[Data records]
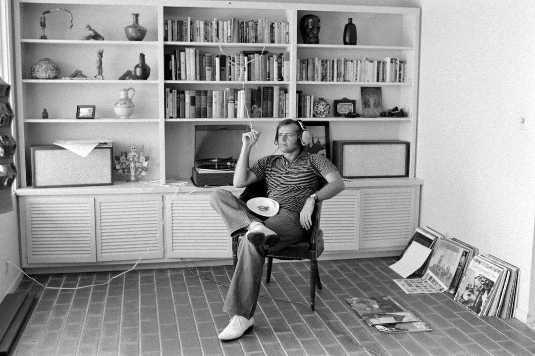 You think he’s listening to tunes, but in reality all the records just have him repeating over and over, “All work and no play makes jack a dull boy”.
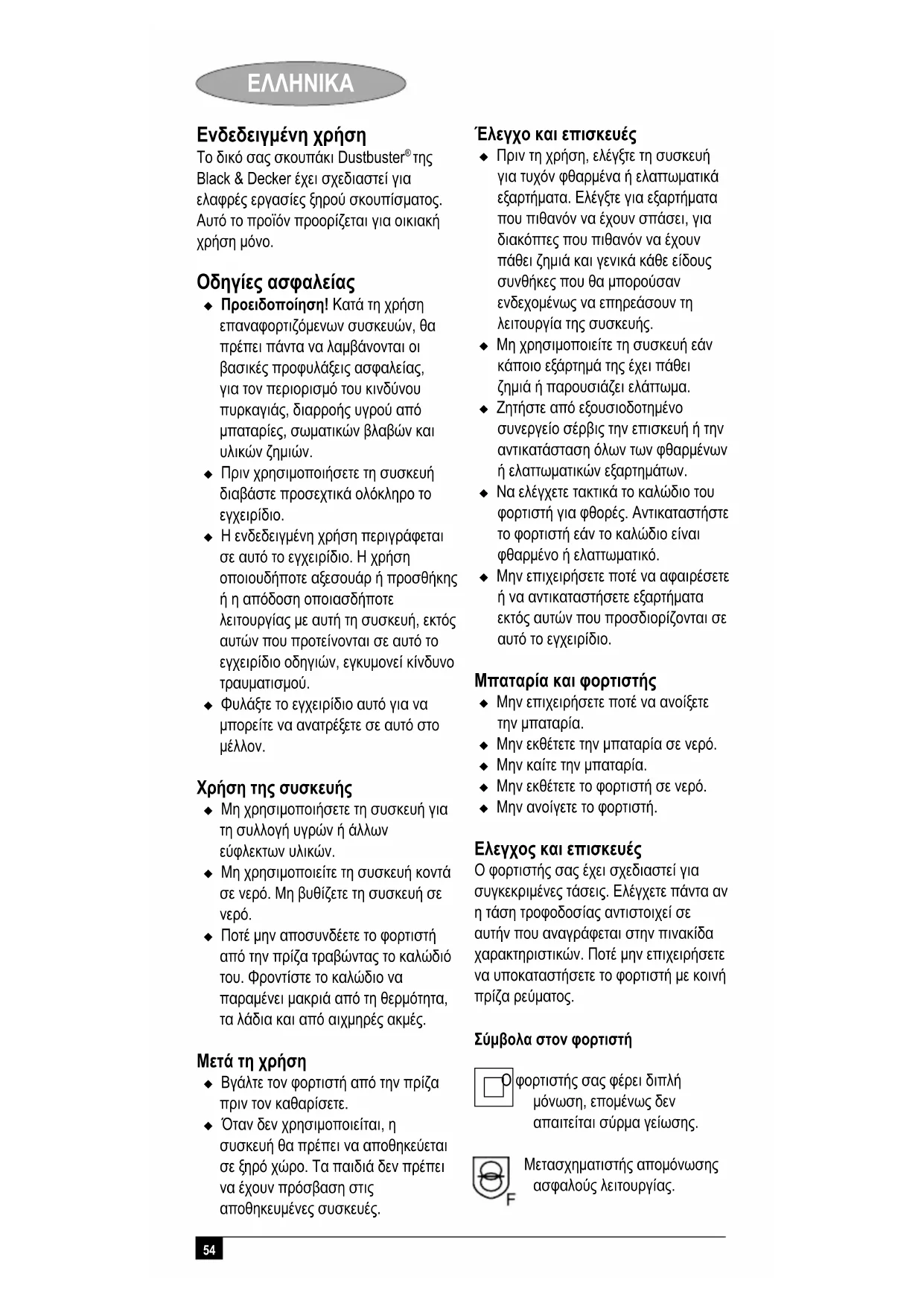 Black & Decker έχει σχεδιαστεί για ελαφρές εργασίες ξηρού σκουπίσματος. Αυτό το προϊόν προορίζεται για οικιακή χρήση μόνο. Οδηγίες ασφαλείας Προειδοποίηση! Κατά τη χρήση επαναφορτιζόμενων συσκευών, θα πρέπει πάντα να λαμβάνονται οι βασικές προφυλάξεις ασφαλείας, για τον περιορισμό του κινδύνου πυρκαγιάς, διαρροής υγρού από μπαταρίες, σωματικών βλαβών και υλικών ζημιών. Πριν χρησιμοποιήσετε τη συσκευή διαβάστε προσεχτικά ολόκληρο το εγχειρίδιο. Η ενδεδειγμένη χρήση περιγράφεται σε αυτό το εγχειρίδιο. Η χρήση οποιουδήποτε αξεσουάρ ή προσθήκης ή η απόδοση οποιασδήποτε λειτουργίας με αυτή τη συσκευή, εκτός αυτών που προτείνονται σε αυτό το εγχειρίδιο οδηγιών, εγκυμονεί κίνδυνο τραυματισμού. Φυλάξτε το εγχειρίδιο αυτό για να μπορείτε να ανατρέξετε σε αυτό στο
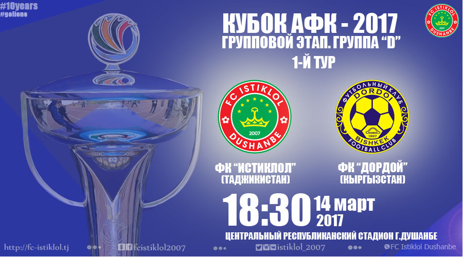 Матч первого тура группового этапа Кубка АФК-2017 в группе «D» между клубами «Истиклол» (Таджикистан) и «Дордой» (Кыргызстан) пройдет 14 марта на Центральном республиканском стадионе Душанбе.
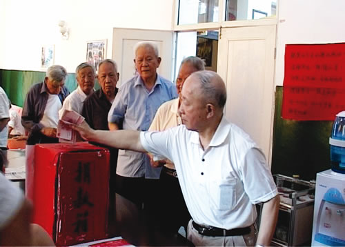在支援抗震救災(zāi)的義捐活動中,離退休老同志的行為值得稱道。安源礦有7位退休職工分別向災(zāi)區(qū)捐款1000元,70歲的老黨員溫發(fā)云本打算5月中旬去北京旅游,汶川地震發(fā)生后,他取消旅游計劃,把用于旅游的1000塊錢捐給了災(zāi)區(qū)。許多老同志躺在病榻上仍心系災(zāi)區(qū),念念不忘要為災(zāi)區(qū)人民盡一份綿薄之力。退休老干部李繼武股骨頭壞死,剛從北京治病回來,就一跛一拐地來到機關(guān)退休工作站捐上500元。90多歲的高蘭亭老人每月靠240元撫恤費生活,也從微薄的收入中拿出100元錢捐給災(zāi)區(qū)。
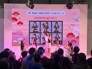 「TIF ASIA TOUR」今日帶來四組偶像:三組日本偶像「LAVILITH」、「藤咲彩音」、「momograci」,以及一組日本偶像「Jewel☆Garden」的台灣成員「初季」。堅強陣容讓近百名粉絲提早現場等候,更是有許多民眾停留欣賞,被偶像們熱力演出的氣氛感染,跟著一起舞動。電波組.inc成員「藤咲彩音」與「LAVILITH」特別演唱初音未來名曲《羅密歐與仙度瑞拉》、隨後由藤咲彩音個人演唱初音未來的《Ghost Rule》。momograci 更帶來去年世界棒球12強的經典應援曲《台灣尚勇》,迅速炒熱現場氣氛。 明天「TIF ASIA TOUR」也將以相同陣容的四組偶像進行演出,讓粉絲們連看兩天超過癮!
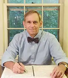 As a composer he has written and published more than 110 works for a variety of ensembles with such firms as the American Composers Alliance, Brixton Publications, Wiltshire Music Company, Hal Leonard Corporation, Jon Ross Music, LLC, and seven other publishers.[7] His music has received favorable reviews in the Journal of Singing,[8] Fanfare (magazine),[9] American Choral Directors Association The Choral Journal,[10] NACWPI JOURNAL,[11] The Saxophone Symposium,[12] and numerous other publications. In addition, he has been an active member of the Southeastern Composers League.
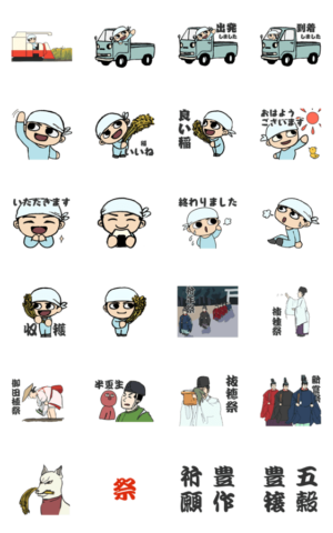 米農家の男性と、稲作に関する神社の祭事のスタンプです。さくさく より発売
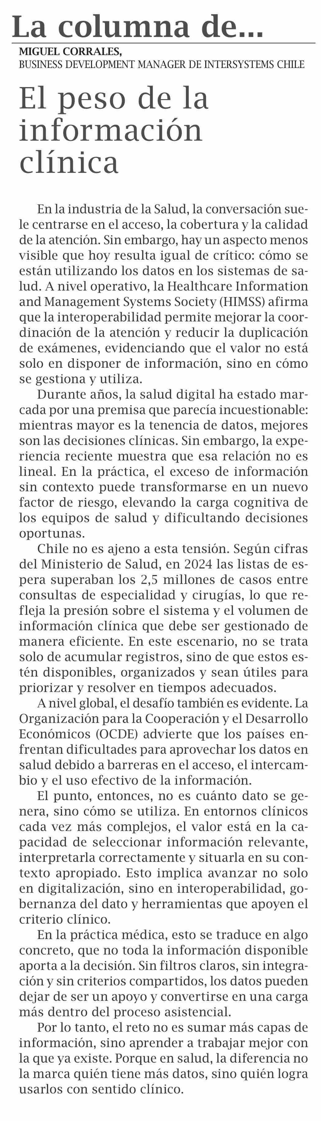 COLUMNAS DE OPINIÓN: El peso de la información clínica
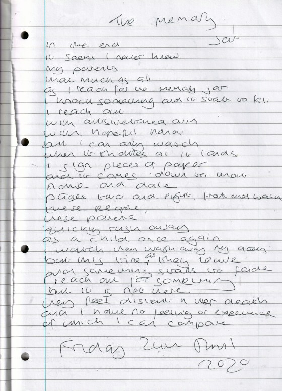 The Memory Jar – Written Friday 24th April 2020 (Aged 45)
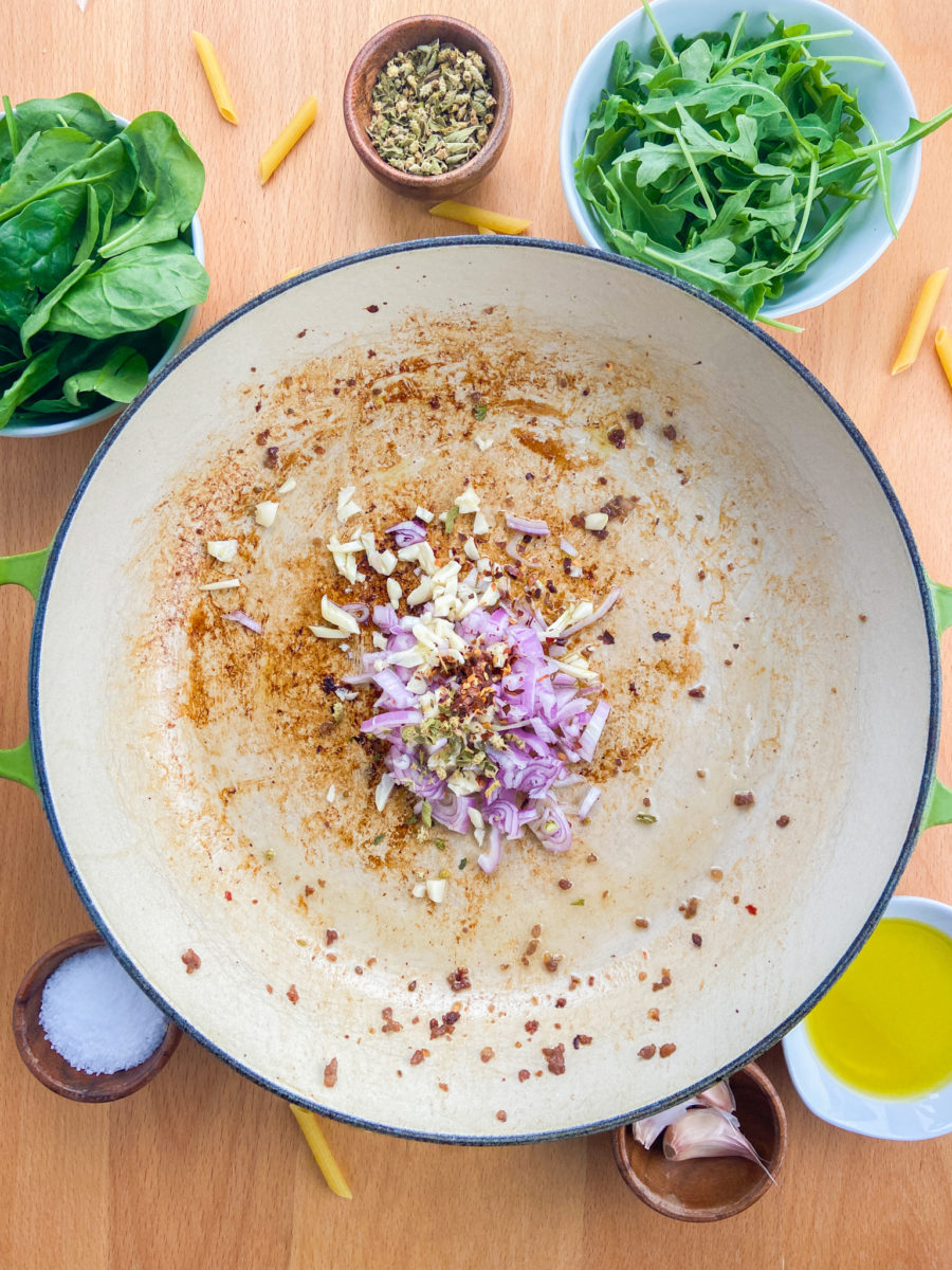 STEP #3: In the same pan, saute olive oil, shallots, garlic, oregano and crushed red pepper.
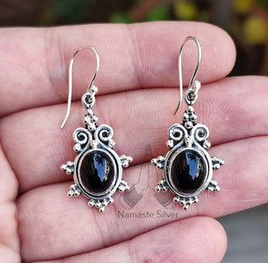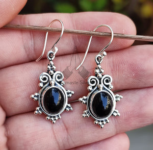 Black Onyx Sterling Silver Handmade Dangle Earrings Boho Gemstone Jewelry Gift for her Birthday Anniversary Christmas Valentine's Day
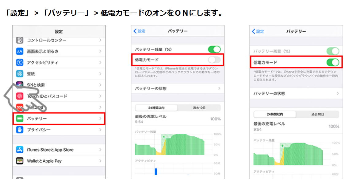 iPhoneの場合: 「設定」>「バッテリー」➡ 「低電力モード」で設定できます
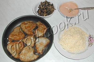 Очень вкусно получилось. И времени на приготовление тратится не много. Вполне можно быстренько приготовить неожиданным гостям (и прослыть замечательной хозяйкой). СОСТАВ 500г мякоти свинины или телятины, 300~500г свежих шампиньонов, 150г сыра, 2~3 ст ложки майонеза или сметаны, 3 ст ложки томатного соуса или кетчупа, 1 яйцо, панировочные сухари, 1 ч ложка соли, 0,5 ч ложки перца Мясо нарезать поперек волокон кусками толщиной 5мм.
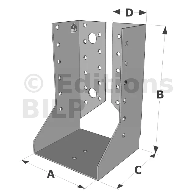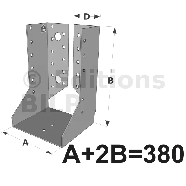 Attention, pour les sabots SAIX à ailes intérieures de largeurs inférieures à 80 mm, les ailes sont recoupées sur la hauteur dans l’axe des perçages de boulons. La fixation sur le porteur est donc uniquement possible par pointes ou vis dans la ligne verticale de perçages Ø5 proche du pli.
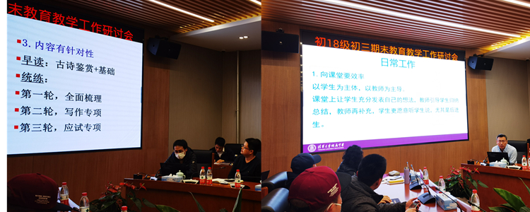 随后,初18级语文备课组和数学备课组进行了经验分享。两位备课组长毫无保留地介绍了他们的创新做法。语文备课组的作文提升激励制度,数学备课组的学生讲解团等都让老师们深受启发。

• PROMPT: When you reach the line that contains "Очень вкусно получилось.", start reproducing, and continue word for word to the end of the records; skip all pictures.

• ANSWER:
 Очень вкусно получилось. И времени на приготовление тратится не много. Вполне можно быстренько приготовить неожиданным гостям (и прослыть замечательной хозяйкой). СОСТАВ 500г мякоти свинины или телятины, 300~500г свежих шампиньонов, 150г сыра, 2~3 ст ложки майонеза или сметаны, 3 ст ложки томатного соуса или кетчупа, 1 яйцо, панировочные сухари, 1 ч ложка соли, 0,5 ч ложки перца Мясо нарезать поперек волокон кусками толщиной 5мм.
 Attention, pour les sabots SAIX à ailes intérieures de largeurs inférieures à 80 mm, les ailes sont recoupées sur la hauteur dans l’axe des perçages de boulons. La fixation sur le porteur est donc uniquement possible par pointes ou vis dans la ligne verticale de perçages Ø5 proche du pli.
 随后,初18级语文备课组和数学备课组进行了经验分享。两位备课组长毫无保留地介绍了他们的创新做法。语文备课组的作文提升激励制度,数学备课组的学生讲解团等都让老师们深受启发。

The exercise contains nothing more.